Antoon Pardon apardon at forel.vub.ac.be
Fri Jul 9 06:23:34 EDT 2004


Op 2004-07-08, Peter Hansen schreef <peter at engcorp.com>:
> Antoon Pardon wrote:
>
>> Sure, but lets look at the problem of not allowing one
>> thread to pause, interrupt or raise an exception in
>> an other thread. The defense for not allowing these
>> things has been that they would introduce suble bugs.
>
> Actually, I think it's only interrupting that's been
> discussed,

Well the few times I saw the discussion coming up I
tried to expand it, but with little succes.

> and the main issues are (a) what to do if
> the thread is blocked in an external (extension) call,
> and (b) if the answer to (a) is "nuke the thread anyway!"
> then what to do about cleanup.

Well my first thought would be to send the thread a
signal. This way an extension call could install
a signal handler if it needed to cleanup things.
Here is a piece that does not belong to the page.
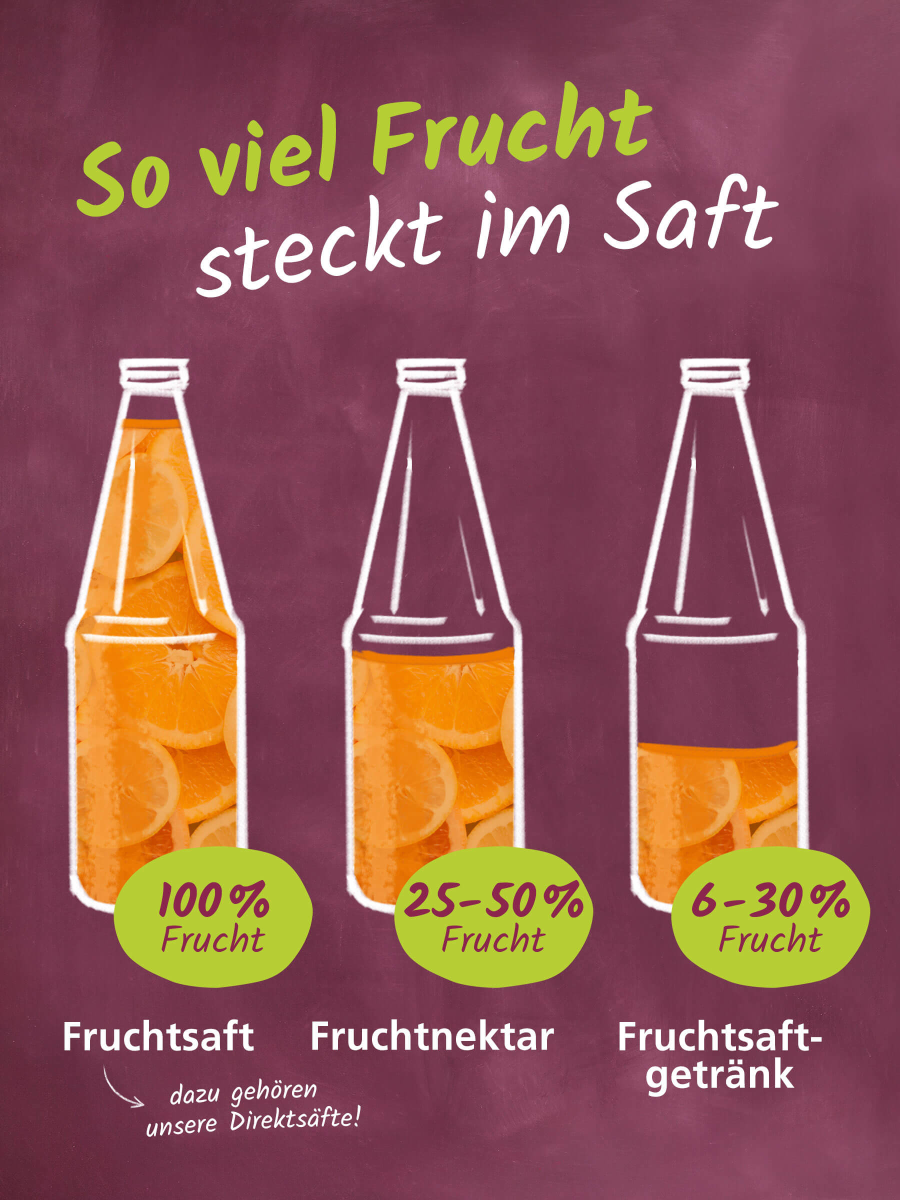 Ob die Bezeichnung Fruchtsaft, Fruchtsaftgetränk oder Fruchtnektar die richtige ist, regelt eine Verordnung. Denn nicht immer steckt ausschließlich Saft in der Flasche, auch Wasser, Süßungsmittel und sogar Aromen können hinzukommen. Um welche Saftart es sich handelt, ist auf dem Etikett nachzulesen: Nur bei 100 Prozent Fruchtgehalt darf das Getränk Fruchtsaft genannt werden. Früchte mit einem hohen Säuregehalt (zum Beispiel Quitte, Johannisbeere) oder viel Fruchtfleisch (Banane, Mango) werden häufig als Fruchtnektar angeboten, ihr Fruchtgehalt liegt zwischen 25 und 50 Prozent. Ein Fruchtsaftgetränk hingegen enthält lediglich 6 bis 30 Prozent Frucht, der Rest sind Wasser, Zucker, Honig oder Ähnliches.

> Pausing shouldn't be an issue, though I'm not sure I
> know any decent usecase for it.  Raising an exception
> should be pretty straightforward, and I have sneaking
> suspicion (actually, it's a memory, and probably a wrong
> one!) that that's how it's done in the addition that was
> made to the core recently via a call in an extension
> (Google Groups would bring up a message from Alex Martelli
> describing it, I believe, or was it Aahz?).

Yes I found something but it seems only available in
extension code.

>> If one thread could raise an exception in an other
>> one, this could be far easier.
>
> Anyone interested should try to dig up that past reference
> to an addition that was made to allow killing threads.
> I ought to remember whether it raised an exception, but
> I don't.  I agree that would probably be the best way
> to handle it, but a lot of people who insist they need
> thread killing will probably be disappointed if it can't
> kill a thread that is caught in an external routine, or
> if it can kill such threads, they will end up writing
> code that is buggy because it doesn't clean things up
> properly... oh well.

People write buggy code all the time. Even in none threaded
code it might be necessary to cleanup things, and it isn't
done properly because people didn't anticipate a particular
exception being raised.


>> But IMO it could go further. One program can signal an other.
>> That is an old practice that still is around. So why not
>> allow one thread to "signal" an other.
>
> Sounds easy to say, but what does it mean?  What actually
> happens in the thread that is signalled?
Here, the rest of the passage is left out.